First noticed by AviationWeek's Steve Trimble, a photo from the Association of the United States Army's 2019 Annual Meeting in Washington, D.C., Oct. 14, 2019 appears to show McCarthy handling briefing slides titled “Vintage Racer – Loitering Weapon System (LWS) Overview.”

The documents don't reveal much about what, exactly, Vintage Racer is, but six main bullet points are visible on one of the slides: “Hypersonic Ingress,” “Survivable,” “Time Over Target,” “Multi-role,” “Modular payload,” and “Cost Imposition Strategy.” 

Army photo

Based on these bullet points, it's safe to assume that Vintage Racer likely represents a weapons system in which a hypersonic projectile delivers a payload of multi-role loitering aerial systems that, once released, use their own sensors lock on to targets and deliver a payload with precision.

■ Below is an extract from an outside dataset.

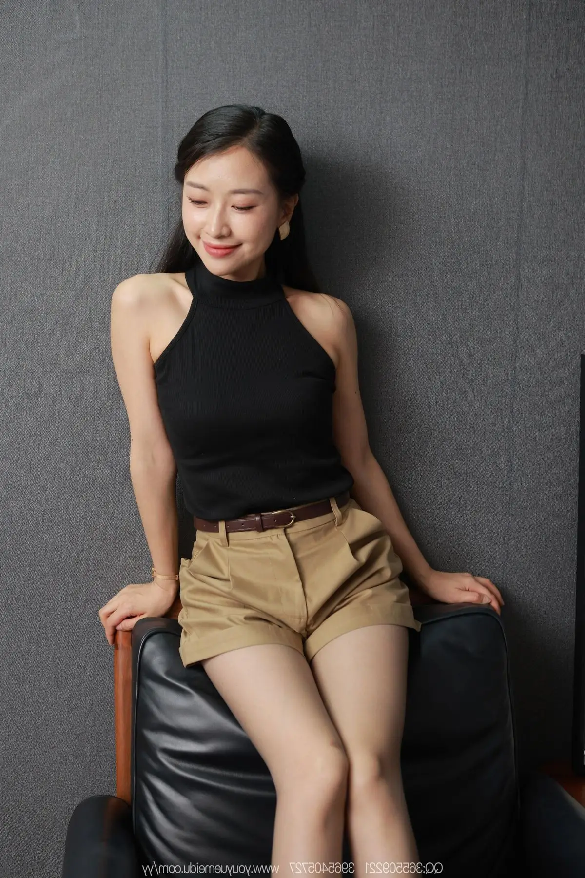 In this IESS SXJ No.2103 photoshoot, model Xiao Jie exudes an elegant charm and confident allure. She poses gracefully on a luxurious black leather armchair, dressed in a simple yet sophisticated ensemble: a chic black sleeveless top paired with stylish khaki shorts. Her long, slender legs are accentuated by fashionable high heels. A gentle gaze and subtle smile highlight her serene demeanor and professional grace. The minimalist modern setting further emphasizes Xiao Jie's natural beauty and captivating presence, creating artistic moments filled with emotion and timeless style.#IESS #XiaoJie #ChineseModel #ElegantStyle #FashionPhotography #OfficeLady #OL #Secretary

In other words, it's a very fast missile that can avoid enemy air defenses and then throw a bunch of smaller precision-guided munitions at the enemy.

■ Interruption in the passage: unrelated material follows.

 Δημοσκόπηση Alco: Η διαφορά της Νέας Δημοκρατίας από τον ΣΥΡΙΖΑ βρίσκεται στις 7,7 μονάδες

Trimble reports that, according to a Russian military expert, the concept has been discussed within the hypersonic weapons community as a potential solution to targeting road-mobile intercontinental ballistic missile launchers and other “elusive” targets.

According to Trimble, these briefing slides appear to represent the first public discussion of Vintage Racer, a program that does not appear in the Army's research, development, test and evaluation budget requests for fiscal year 2021.

Vintage Racer does, in fact, appear in a single slide in the Pentagon's fiscal year 2021 defense-wide RDT&E justification book that states the project had “matured an advanced capability to prosecute targets of interest” in previous years. 

“The project successfully validated aerodynamic design with wind tunnel testing and integrated a guidance subsystem for targeted kinetic effects before culminating in a FY 2019 flight test,” according to the slide. “Documentation and prototype technologies transitioned to the U.S. Army for additional development and follow-on acquisition activities.”